Relatives of prisoners on hunger strike demand answers from the Maduro regime

CARACAS.- Relatives of prisoners protested this Wednesday in Caracas to support the hunger strike undertaken since the weekend in almost half of the Venezuelan prisons amid allegations of corruption, procedural delays, overcrowding and limited access to food.

“Justice! Justice!

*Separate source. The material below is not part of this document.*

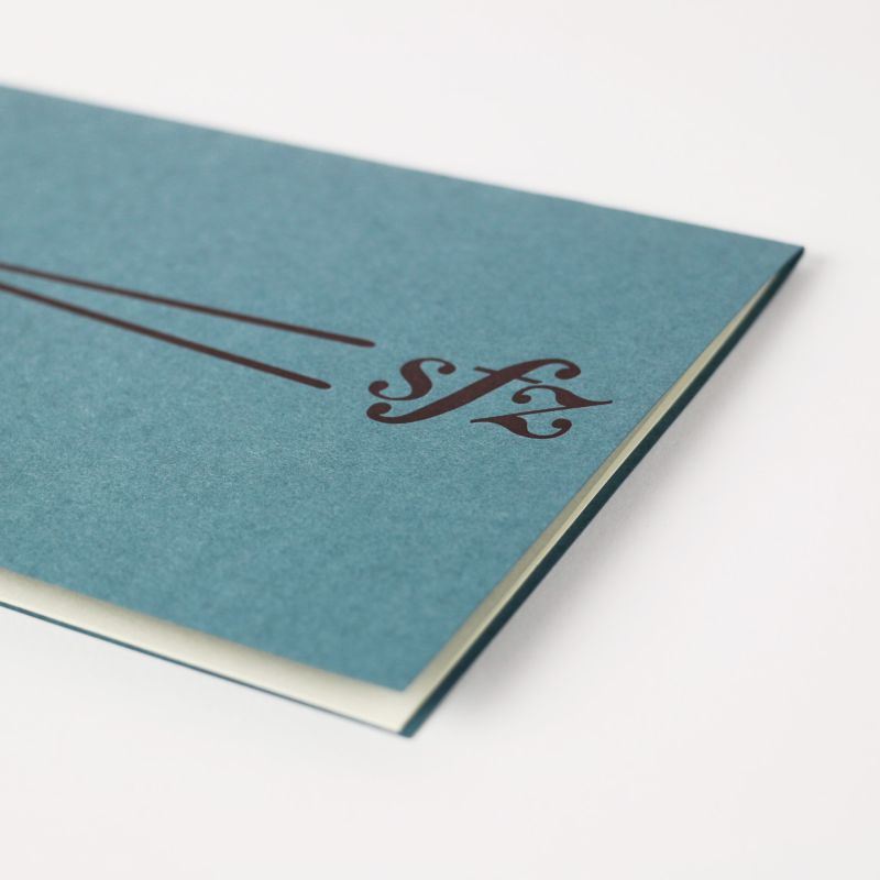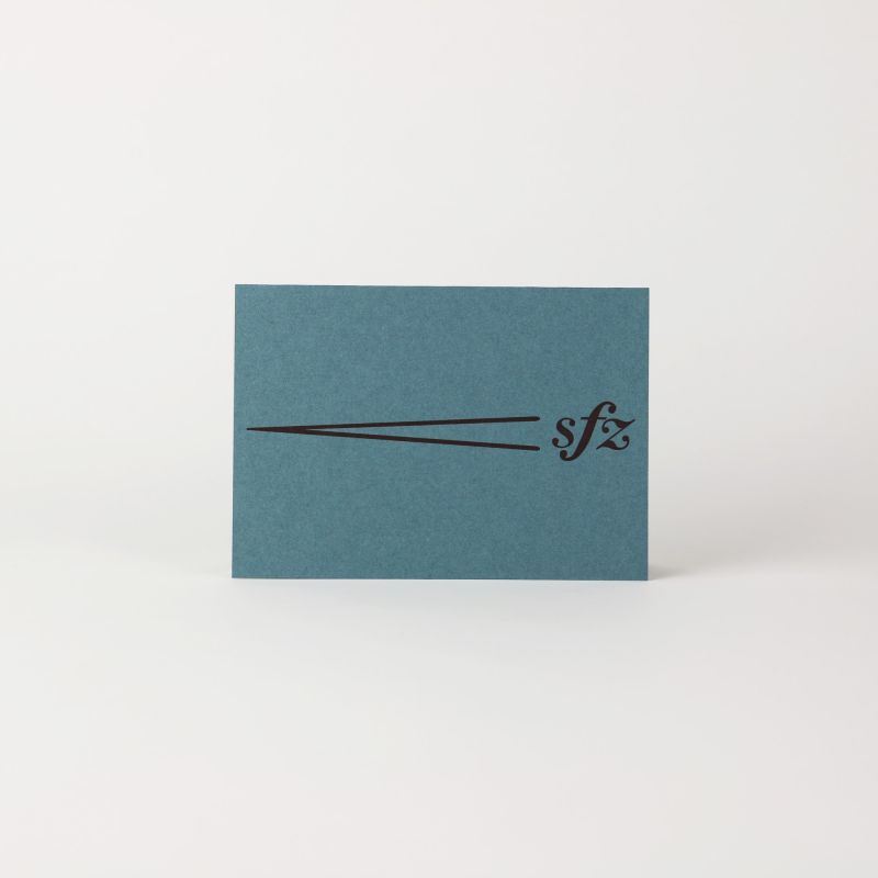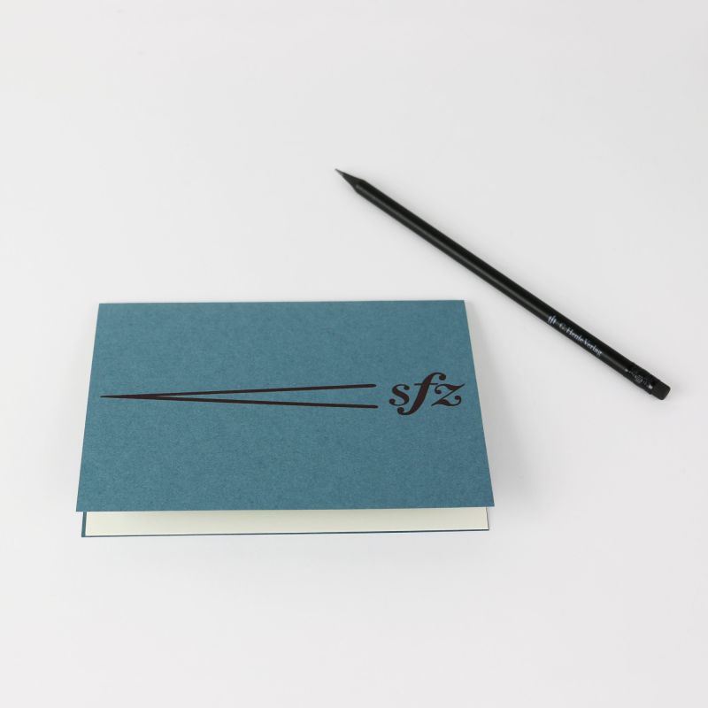 Voščilnica iz originalnega Henlejevega modrega platna, z barvno vtisnjenim motivom »Dynamik markings« in belim, pisljivim papirjem, formata C6. Vključuje kuverto, formata B6.

Justice!”, “We want an answer,” “We are not going to move from here, no one is moving,” shouted about 100 protesters gathered outside the Palace of Justice, in the center of Caracas.

“We want human rights for our relatives,” said María Alejandra Espinoza, whose son is imprisoned in Fénix prison, Lara state.

“The hunger strike is strong, strong, (my son is) already fainted, because there is a horrible precariousness (precariousness), which is not like now, there they die of lack because the visit is very far away,” said Espinoza, of 45 years.

The woman, who lives in Caracas, about 400 km from the prison where her son was transferred, points out that she has been waiting for his relocation for three years. “I have three signatures (orders) for transfer,” but none of them have been finalized, she lamented.

The NGO Venezuelan Prisons Observatory (OVP) He indicated that the hunger strike, which began on Sunday, June 9, is taking place in “19 prisons and more than 30 police cells.”

“We are protesting the procedural delay… there are many more things, their rights are violated, they are hungry,” denounced Sandy Rondón, 43, whose son has been imprisoned without trial for four years.

“Don’t let our children, our husbands die of hunger inside because of the need and mistreatment they are experiencing,” Rondón cried.

Afraid to report, Aracelys Gómez, 60, said that on occasions they have prevented her from bringing food into the prison where her son is, however, “they do allow the food that they (officials) sell them there.”

Maduro does not mention the strike

Not to mention the hunger strike, Nicolas Maduro On Tuesday, he appointed deputy Julio García Zerpa as the new Minister of Penitentiary Services to “end corruption” within the prison system.

García Zerpa, who replaced Celsa Bautista, who has been in office since February 2023, said that in the country there are 44 penitentiary centers and “more than 400 preventive centers or police stations.”

An official from the Ministry of Penitentiary Affairs approached the protesters and took note of their demands.

Human rights defenders denounce that in these preventive detention centers they keep detainees in overcrowded conditions, even for years when by law they should only remain for a few days.

The prison population in Venezuela is estimated at about 54,000 prisoners, according to official figures.

Several of the prisons on strike were intervened in 2023 by the government, which evicted some 9,000 inmates from seven prisons, in many cases moving them hundreds of kilometers from the courts that are handling their cases.